> [Exercise data]
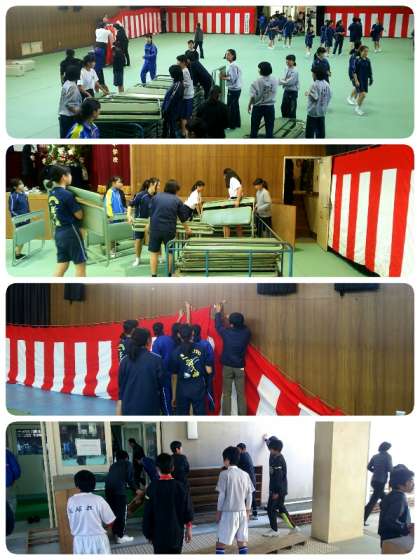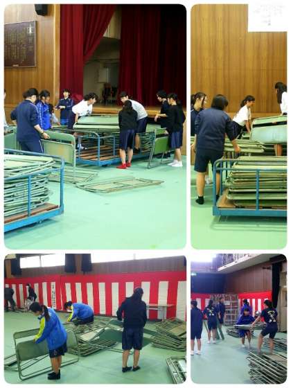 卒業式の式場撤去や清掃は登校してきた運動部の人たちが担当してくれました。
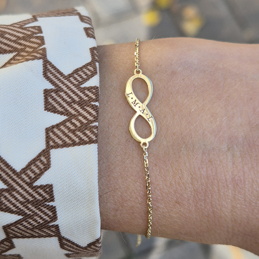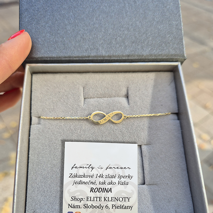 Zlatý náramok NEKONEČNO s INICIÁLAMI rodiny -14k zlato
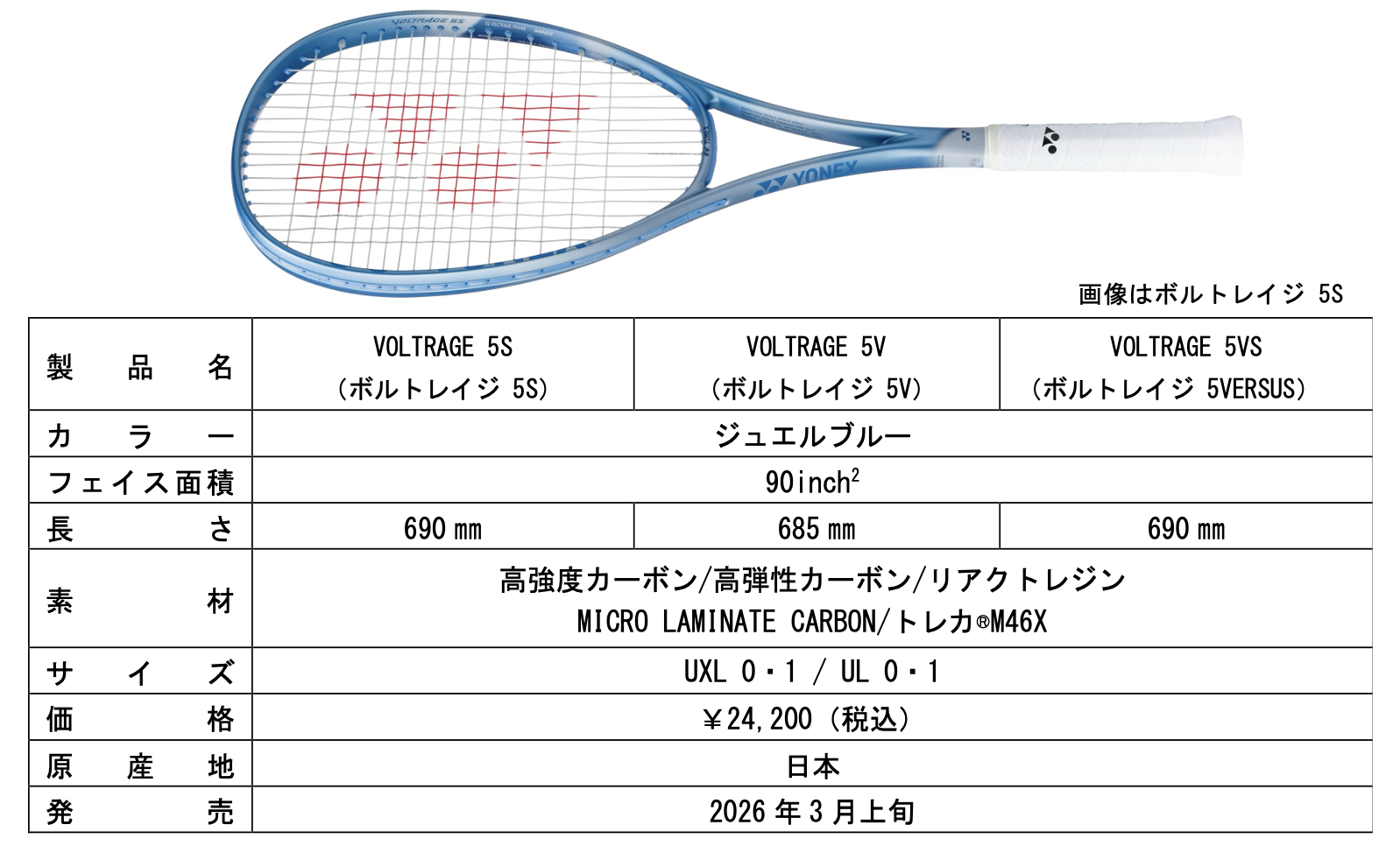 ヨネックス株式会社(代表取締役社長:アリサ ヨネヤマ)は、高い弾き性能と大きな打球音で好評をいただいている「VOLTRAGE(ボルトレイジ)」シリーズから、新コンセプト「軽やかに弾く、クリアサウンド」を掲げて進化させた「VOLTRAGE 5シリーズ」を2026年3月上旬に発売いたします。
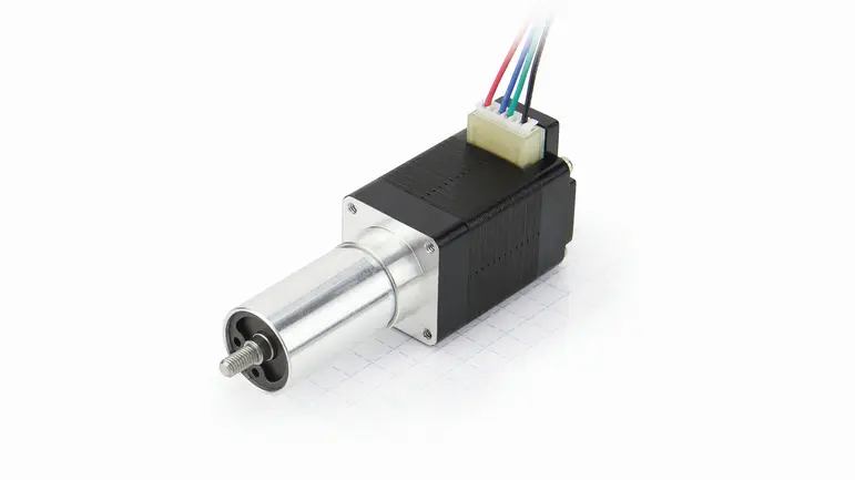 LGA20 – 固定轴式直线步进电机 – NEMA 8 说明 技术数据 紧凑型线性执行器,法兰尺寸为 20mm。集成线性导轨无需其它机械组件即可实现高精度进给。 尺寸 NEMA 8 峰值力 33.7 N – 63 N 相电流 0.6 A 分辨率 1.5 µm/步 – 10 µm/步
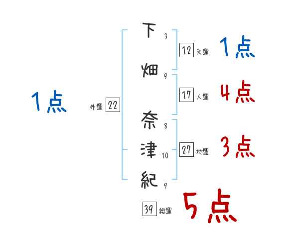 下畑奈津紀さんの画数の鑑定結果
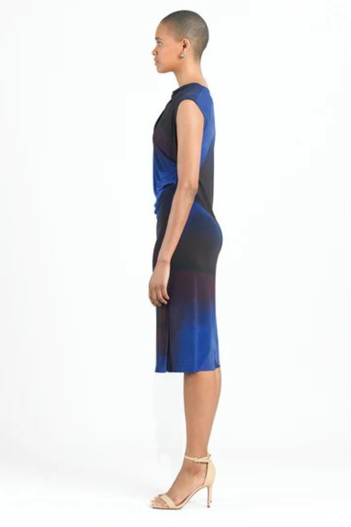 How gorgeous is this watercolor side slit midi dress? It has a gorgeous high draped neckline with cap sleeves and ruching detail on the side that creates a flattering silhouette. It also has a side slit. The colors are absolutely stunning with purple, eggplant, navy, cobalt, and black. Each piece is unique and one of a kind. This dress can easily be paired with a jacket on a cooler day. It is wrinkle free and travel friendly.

--

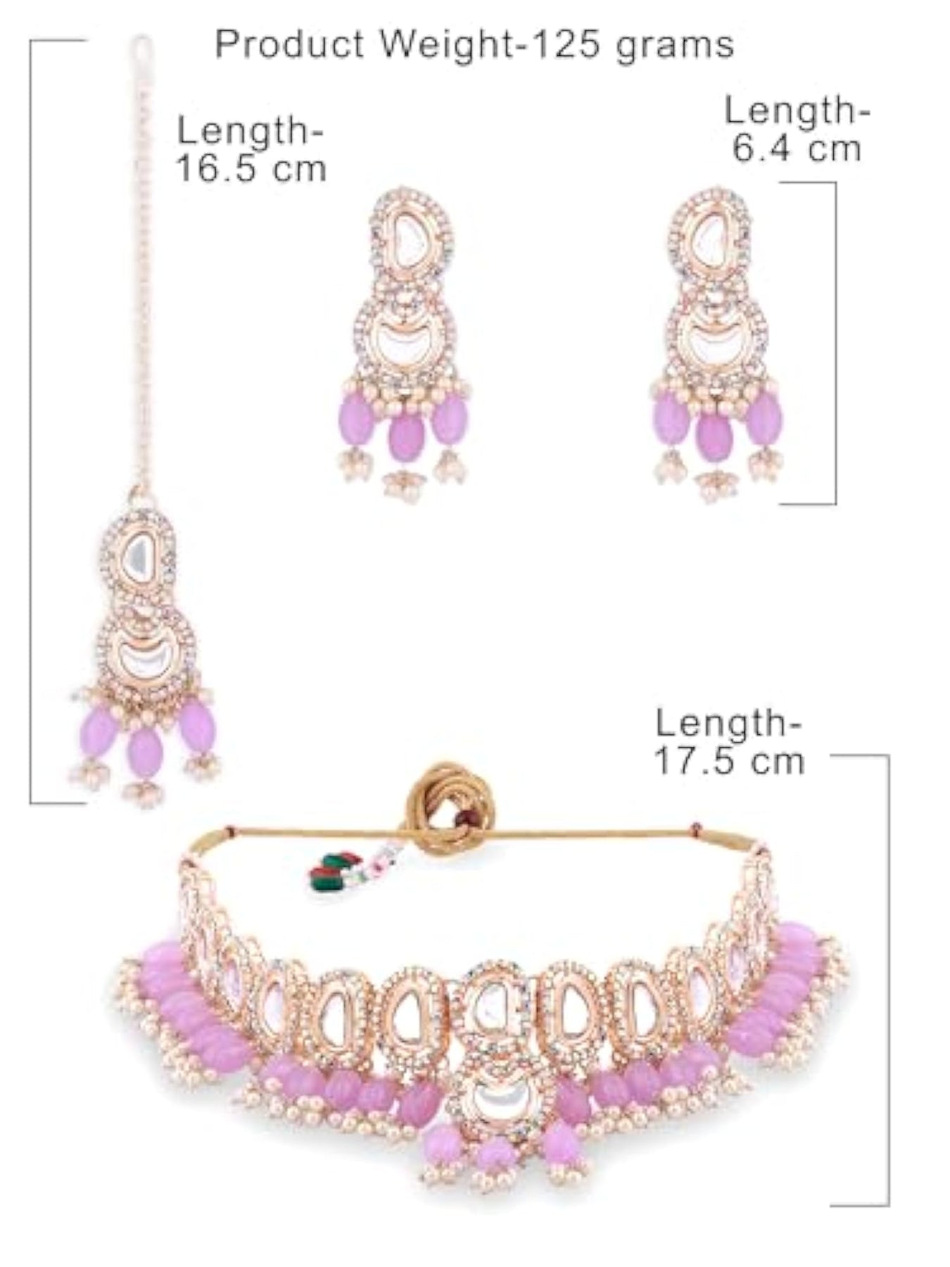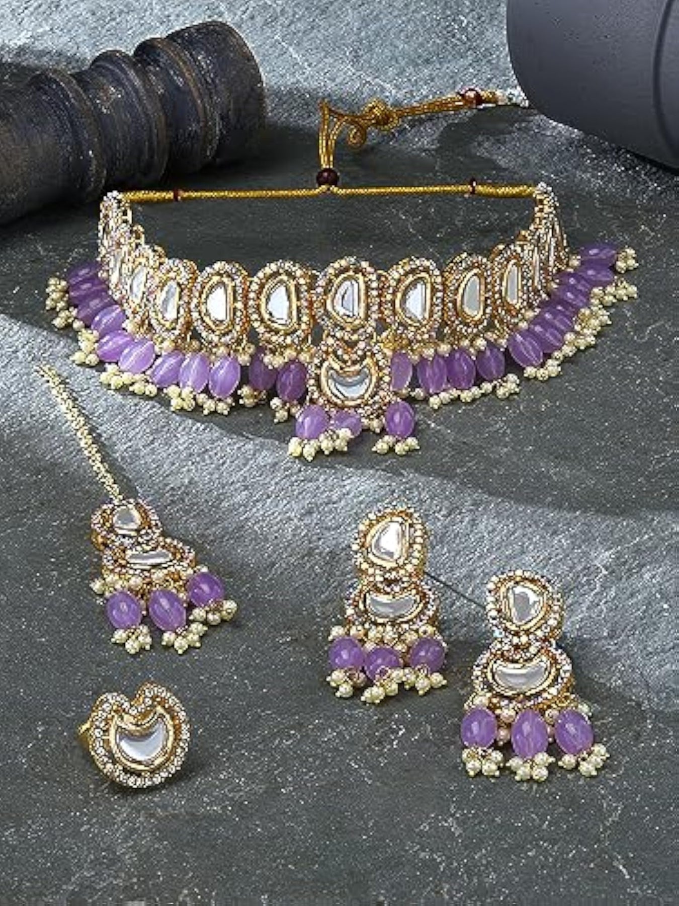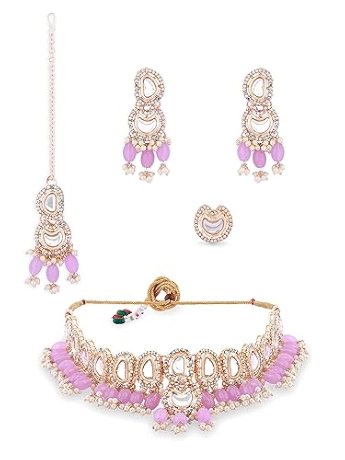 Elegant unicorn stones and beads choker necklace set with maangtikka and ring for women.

--

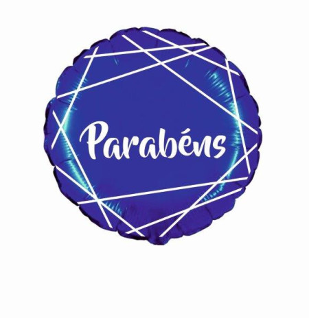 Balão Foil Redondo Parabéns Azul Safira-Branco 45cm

> [Your instructions]
Among the entries above, take the lines from the one with "Zlatý náramok NEKONEČNO" through the one with "How gorgeous is" and retype them exactly, leaving out the pictures.

> [Your response]
 Zlatý náramok NEKONEČNO s INICIÁLAMI rodiny -14k zlato
 ヨネックス株式会社(代表取締役社長:アリサ ヨネヤマ)は、高い弾き性能と大きな打球音で好評をいただいている「VOLTRAGE(ボルトレイジ)」シリーズから、新コンセプト「軽やかに弾く、クリアサウンド」を掲げて進化させた「VOLTRAGE 5シリーズ」を2026年3月上旬に発売いたします。
 LGA20 – 固定轴式直线步进电机 – NEMA 8 说明 技术数据 紧凑型线性执行器,法兰尺寸为 20mm。集成线性导轨无需其它机械组件即可实现高精度进给。 尺寸 NEMA 8 峰值力 33.7 N – 63 N 相电流 0.6 A 分辨率 1.5 µm/步 – 10 µm/步
 下畑奈津紀さんの画数の鑑定結果
 How gorgeous is this watercolor side slit midi dress? It has a gorgeous high draped neckline with cap sleeves and ruching detail on the side that creates a flattering silhouette. It also has a side slit. The colors are absolutely stunning with purple, eggplant, navy, cobalt, and black. Each piece is unique and one of a kind. This dress can easily be paired with a jacket on a cooler day. It is wrinkle free and travel friendly.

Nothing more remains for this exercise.